Sleep & Conditions
Does cannabis actually help with chronic pain in older adults?
Research summary prepared with AI assistance · Not authored by Ken Feldman or Nadine Laham · For general information only
~10 minute read
The short answer
Cannabis for chronic pain is the most-studied therapeutic claim, and the evidence is genuinely promising — particularly for nerve pain (neuropathic pain) and pain associated with multiple sclerosis. For other types of pain — back pain, fibromyalgia, arthritis pain — the evidence is weaker and more mixed. The clinically meaningful effect, when it exists, is real but modest. Cannabis is unlikely to be a complete pain solution, but for some patients it offers a useful adjunct that allows lower doses of other medications.
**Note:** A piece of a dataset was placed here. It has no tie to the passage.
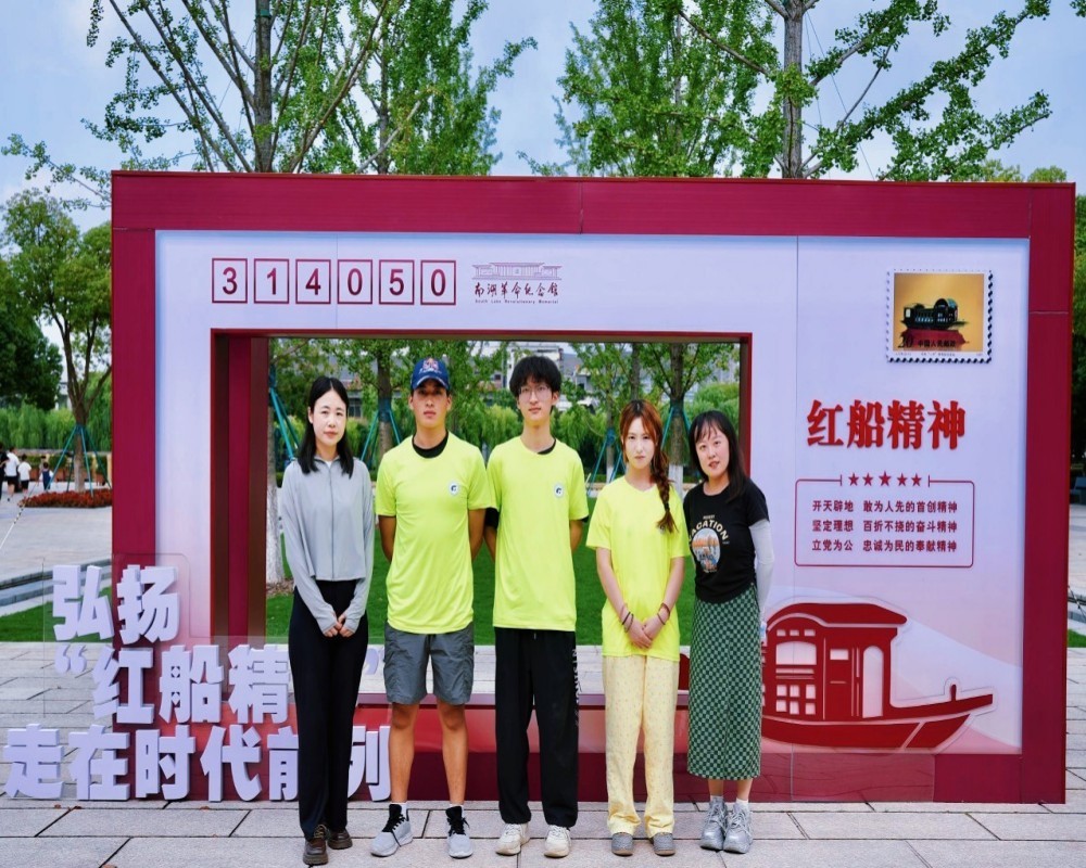 圖為團(tuán)隊成員參觀南湖革命紀(jì)念館

Why pain is the most-studied cannabis question
Chronic pain affects roughly 25% of adults over 65, and the standard pharmacological options all have meaningful drawbacks for older patients: NSAIDs raise cardiovascular and gastrointestinal bleeding risk; opioids carry addiction and overdose concerns and produce confusion, constipation, and falls; gabapentin and pregabalin can cause sedation and cognitive fog. The need for additional options is real, and that need has driven a substantial research effort into cannabis as one of those options.
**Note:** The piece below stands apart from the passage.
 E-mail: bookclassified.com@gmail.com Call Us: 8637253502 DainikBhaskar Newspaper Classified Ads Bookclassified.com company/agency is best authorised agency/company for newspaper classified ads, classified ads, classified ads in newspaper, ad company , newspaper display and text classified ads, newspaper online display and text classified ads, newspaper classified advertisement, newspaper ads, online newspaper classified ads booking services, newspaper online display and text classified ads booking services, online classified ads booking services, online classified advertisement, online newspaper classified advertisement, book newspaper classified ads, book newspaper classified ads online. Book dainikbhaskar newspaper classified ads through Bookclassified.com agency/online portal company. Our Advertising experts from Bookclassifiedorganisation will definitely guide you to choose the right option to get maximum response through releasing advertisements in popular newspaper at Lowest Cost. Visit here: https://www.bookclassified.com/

The result: there are now hundreds of studies on cannabis and pain, dozens of systematic reviews, and even a 2017 National Academies of Sciences report concluding that cannabis or cannabinoids are “effective” for chronic pain in adults — one of the few cannabis claims that report endorsed at that level.
What the research actually shows
The picture is more nuanced than headlines suggest. Let’s break it down by pain type.
Neuropathic pain (nerve pain)
This is the strongest evidence area. Multiple randomized controlled trials show that cannabis produces a clinically meaningful reduction in neuropathic pain compared to placebo. The conditions where this has been most studied include diabetic peripheral neuropathy, post-shingles pain, HIV-related neuropathy, and multiple sclerosis-related pain.
The effect size is real but not transformative — typical pain reductions of 30-40% in responders, with a substantial portion of patients (40%+) not responding meaningfully at all. This is roughly comparable to the effect size of gabapentin or duloxetine for the same conditions.
Back pain and musculoskeletal pain
The evidence here is weaker. Studies show modest pain reductions on average, but the effects are smaller and less consistent than for neuropathic pain. Some patients report substantial benefit; many report little to none. This is squarely in Promising Evidence territory rather than Medically Documented.
Arthritis pain
Surprisingly, given how often cannabis is marketed for arthritis, the human research on cannabis for osteoarthritis pain specifically is relatively thin. Animal studies are encouraging; rigorous human trials are few. Topical CBD products marketed for arthritis joints have very limited evidence behind them — most CBD applied to skin doesn’t reach the underlying joint in meaningful concentrations.
Fibromyalgia
Some patients with fibromyalgia report substantial benefit from cannabis. Controlled trials show smaller, less consistent effects. The fibromyalgia population is heterogeneous enough that average results may be hiding a subgroup of strong responders.
Cancer pain
Cannabis has documented benefits for chemotherapy-induced nausea (separate question) and may help with some cancer-related pain, particularly when added to existing opioid regimens. It’s not a substitute for cancer pain management but can be a useful addition in some cases.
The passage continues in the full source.